These psychological insights also inform the behavior of the technology companies that have built today’s information environment. Private companies—including the tech companies—exist to make money, and making money through cyberspace is only possible through two mechanisms: charging a monetary fee for some technology-related service or selling advertisements to users of that service. To date, no other sustainable business models have been developed.

Many large platform and media companies depend on selling advertisements to lower or eliminate the payment of monetary fees. They thus depend on users being willing to pay attention to their ads, which in turn requires them to maximize the time users spend using their services—that is, to maximize user engagement. These companies have learned that maximizing user engagement is easiest when they provide customized content and activities to individual or small groups of users. It turns out that a computer-based analysis of an individual’s digital footprint (e.g., as expressed by the person’s pattern of “likes”) can be more accurate than those made by friends and even spouses in predicting matters such as substance use, political attitudes, and physical health.16

The psychology of cognition is important because knowledge of an individual’s psychological profile enables companies to provide content that plays to the worst habits of System 1 thinking. For example, System 1 thinking drives people to seek novel information, regardless of its veracity. An important study in Science examining the spread of information on Twitter found that false information couched as news spread much more widely and more rapidly than true information, suggesting that the degree of novelty and the emotional reactions of recipients could be responsible for the differences observed.17 The motivation of companies for providing such content is not partisan but rather revenue- driven, and if it happens that users are more likely to be driven into more extreme political positions, that is merely a side effect of their business model.

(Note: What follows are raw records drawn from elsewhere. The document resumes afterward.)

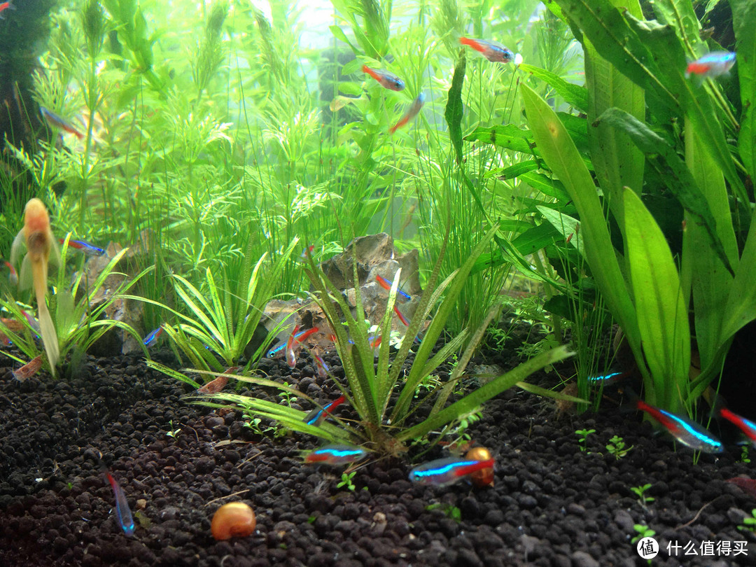 10)最重要的就是鱼缸里的主角——鱼、虾,我挑选的是容易饲养、性情温和的灯科鱼、樱花虾、苹果螺各若干,可以和谐共生。购于十里河实体店;
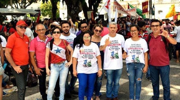 “O Brasil vive uma conjuntura de retrocessos e de ataques aos direitos da classe trabalhadora, sobretudo com a reforma trabalhista, reforma da previdência, contingenciamento de verbas para as Instituições Federais de Ensino e censura aos cientistas e produtores culturais. Não há como aceitarmos passivamente essa situação e por isso não abrimos mão de lutar pelos interesses do povo e do Brasil”, afirma o secretário geral do Sindicato dos Bancários do Pará, Sérgio Trindade.
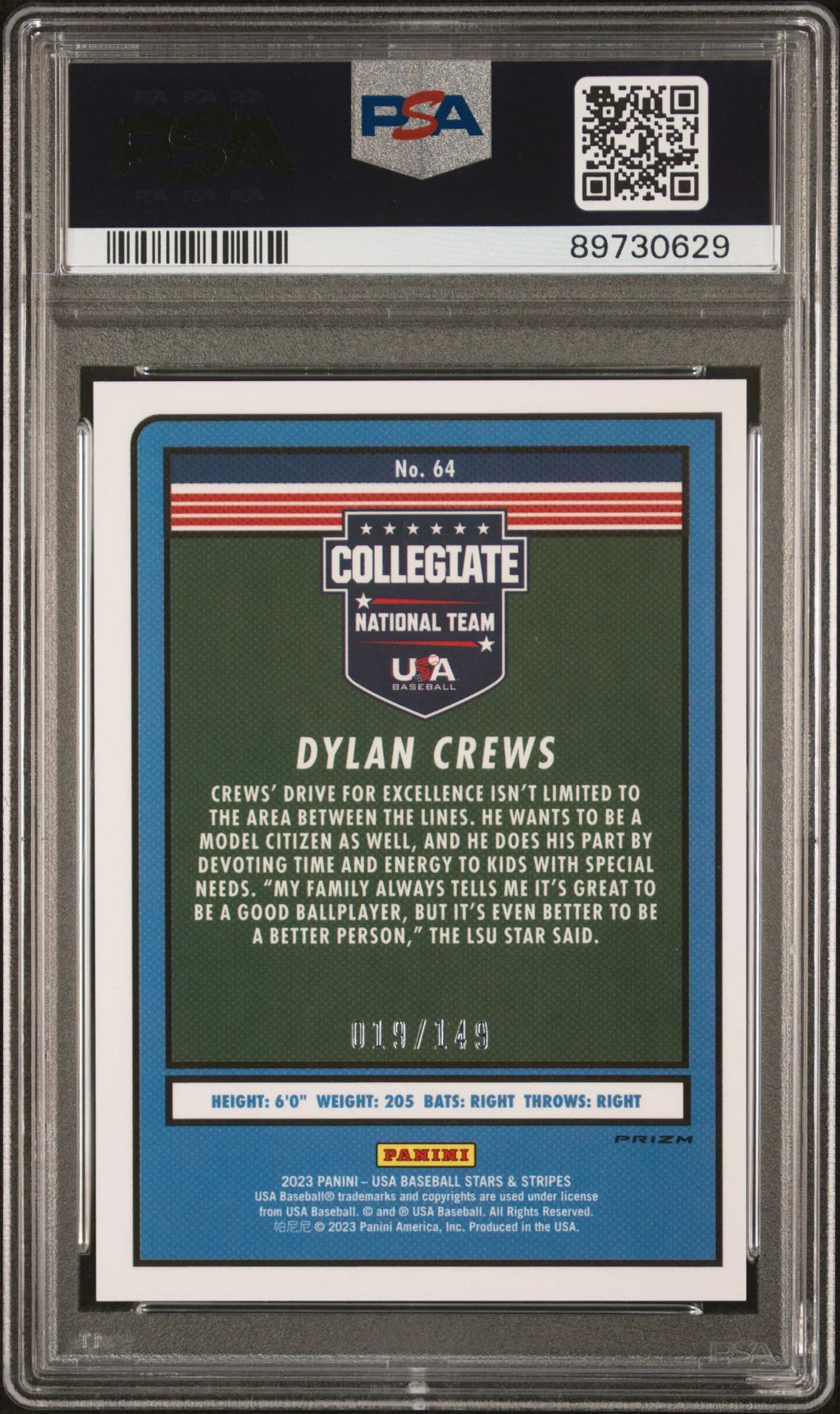 Graded 2023 Panini Stars & Stripes USA Dylan Crews #64 Red #/149 Rookie RC Baseball Card PSA 10 Gem Mint
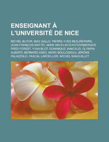 You are about to access our book library "Enseignant A L'Universite de Nice: Michel Butor, Max Gallo, Pierre-Yves Beaurepaire, Jean-Francois Mattei, Anne Ancelin Schutzenberger, Fred Forest, Yvan Blot, Dominique Janicaud, Olympia Alberti, Bernard Asso, Marc Bouloiseau full version"
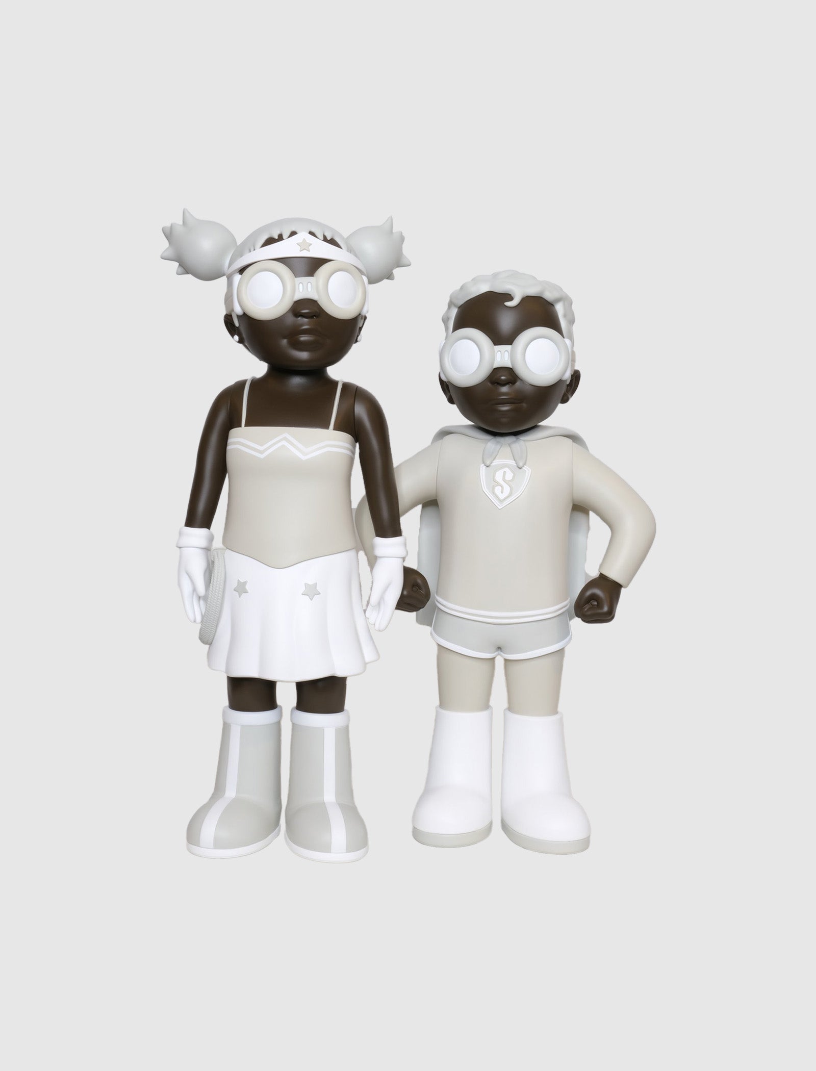The Power Duo '98 Vinyl Collectible Set by Hebru Brantley includes two unique figures, LIL WONDA (17") and SUPA (15.5"). Limited to 150 sets worldwide, it’s a must-have for collectors and urban art fans.
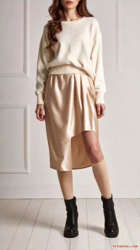 Pair the skirt with a soft sweater to mix textures. Keep socks neutral so the satin stays the focus. Add ankle boots for a clean finish. Use a small shoulder bag with a simple strap.
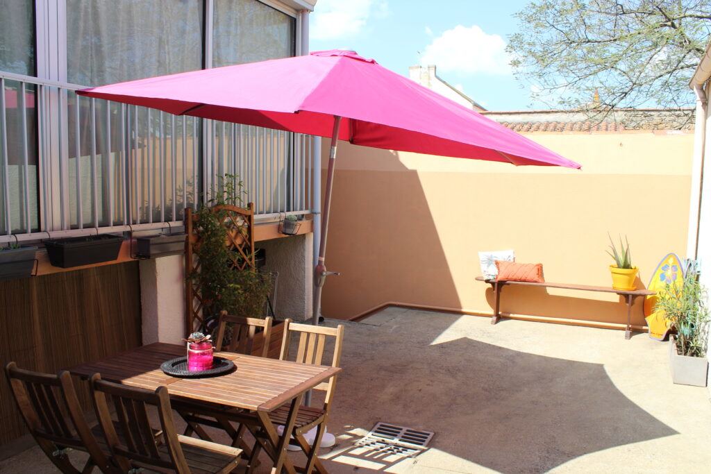 Dans une cour privée, une petite maisonnette rénovée en 2023, comprenant une cuisine, une pièce à vivre, une grande chambre avec lit d’1 m60 et salle d’eau. Une grande terrasse fleurie avec table de jardin et salon pour se détendre après la plage.

The third challenge is that the boundaries between foreign and domestic sources of information chaos and dysfunction are blurring. It may or may not be true that certain Russians and Americans work together in smoky conference rooms to actively plan out a cyber-enabled IW campaign against the United States to sow disorder, mistrust, and polarization—but the scope, nature, and effects of their activities, even if separately conducted, are largely indistinguishable. This means that effective efforts against the Russian activities will inevitably have collateral effects against American activities that are similarly oriented.

For example, Russian media have devoted considerable attention to the allegations of a single U.S. blogger who asserted that Antifa was responsible for provoking the siege of the Capitol on January 6, 2021.18 These stories echoed similar allegations aired on the Rush Limbaugh show on the day of the siege, which cited former FEMA director Michael Brown claiming that Antifa supporters were breaching security at the Capitol.19 Both narratives—those from Russian media and from the Limbaugh show share important characteristics. First, they are thinly sourced. Second, neither Russian nor American outlets take responsibility for the content of the allegations—they are “merely” reporting on what someone else said or on rumors circulating in the information ether. Third, and most important, neither provide any evidence to support the underlying claim (nor has any evidence surfaced since then to indicate the truth of the claim). Nevertheless, these narratives have achieved considerable prominence in certain segments of the American populace.20

I know of no claim from anyone that the Russian government was behind the Capitol siege—if it were, one could argue that the U.S. government would have an important role in responding to such involvement. One could even argue, though less plausibly, that the U.S. government should take action against Russian media outlets engaging in scurrilous reporting that damages U.S. interests. But it is entirely clear any domestic action to suppress the claim of Antifa provocation of or involvement in the Capitol siege would be inconsistent with First Amendment jurisprudence, even if such a claim is false.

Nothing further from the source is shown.